● **Data for the task**:
========================================================================
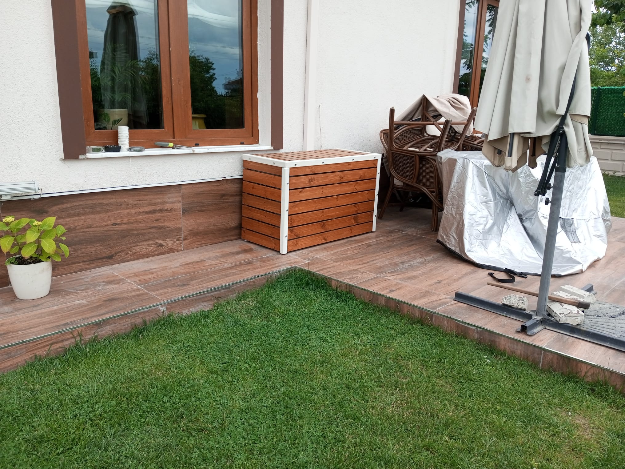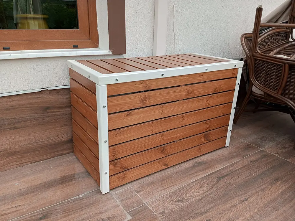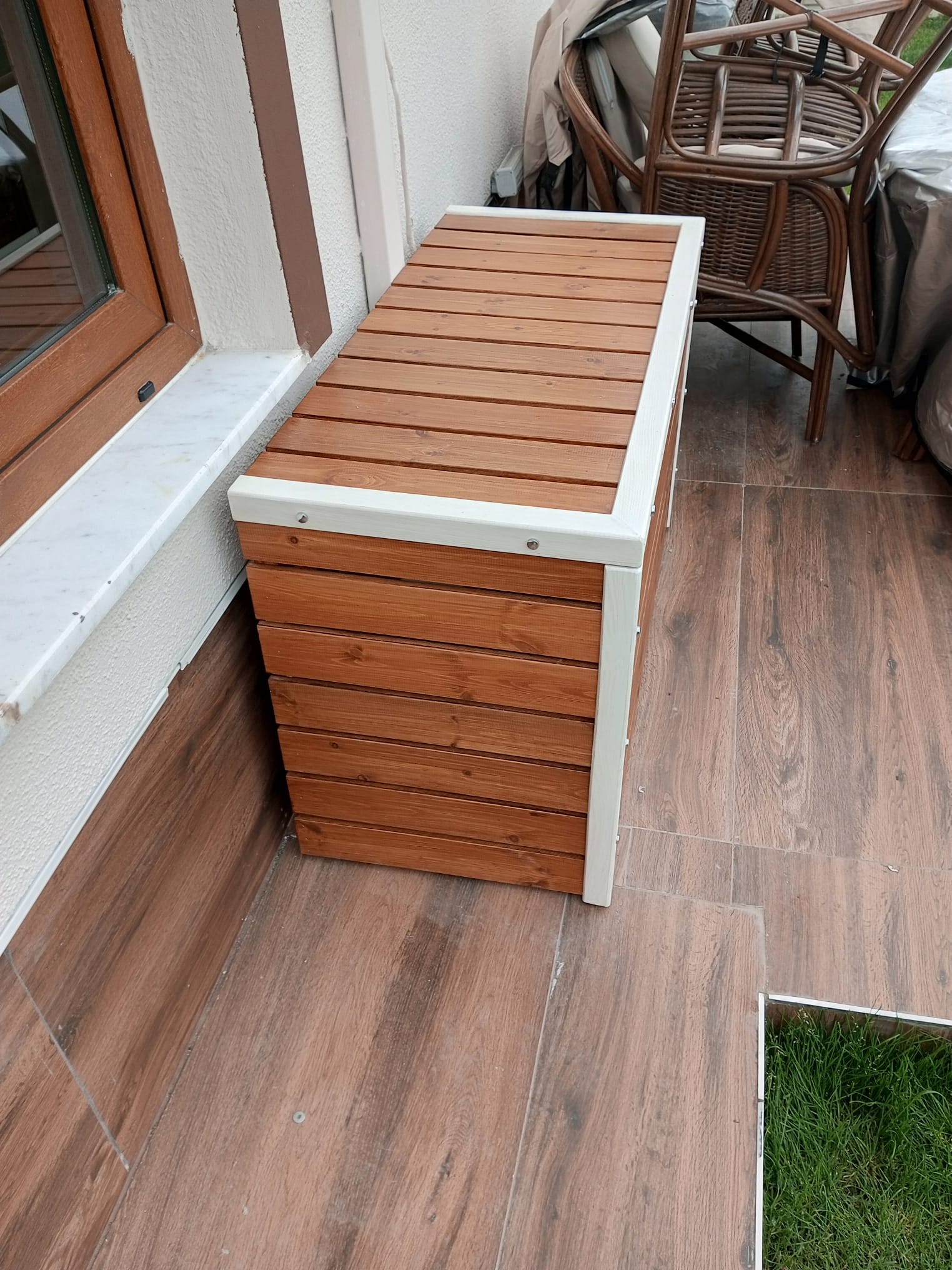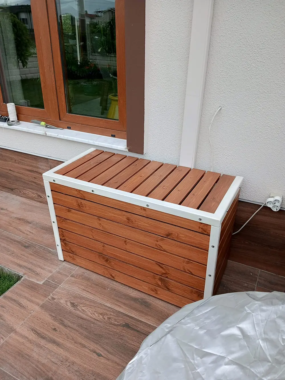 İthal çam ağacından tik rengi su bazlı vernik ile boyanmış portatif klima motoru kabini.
========================================================================
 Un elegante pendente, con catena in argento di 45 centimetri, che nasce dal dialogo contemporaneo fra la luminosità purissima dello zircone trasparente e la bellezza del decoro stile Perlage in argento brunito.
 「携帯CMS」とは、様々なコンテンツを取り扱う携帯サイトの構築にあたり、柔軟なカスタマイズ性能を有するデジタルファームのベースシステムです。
========================================================================
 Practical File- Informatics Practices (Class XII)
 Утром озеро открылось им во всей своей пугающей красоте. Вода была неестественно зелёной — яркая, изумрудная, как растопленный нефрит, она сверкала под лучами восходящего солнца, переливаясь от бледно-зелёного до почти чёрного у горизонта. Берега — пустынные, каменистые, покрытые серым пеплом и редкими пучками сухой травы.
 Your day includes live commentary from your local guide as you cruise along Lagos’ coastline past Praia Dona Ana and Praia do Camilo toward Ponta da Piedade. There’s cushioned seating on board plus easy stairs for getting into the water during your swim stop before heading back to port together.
========================================================================
● **Assignment**: Out of the data above, give again only the lines starting at the one holding "Practical File- Informatics" and ending at the one holding "Утром озеро открылось", unchanged.

● **Answer for this exercise**:
 Practical File- Informatics Practices (Class XII)
 Утром озеро открылось им во всей своей пугающей красоте. Вода была неестественно зелёной — яркая, изумрудная, как растопленный нефрит, она сверкала под лучами восходящего солнца, переливаясь от бледно-зелёного до почти чёрного у горизонта. Берега — пустынные, каменистые, покрытые серым пеплом и редкими пучками сухой травы.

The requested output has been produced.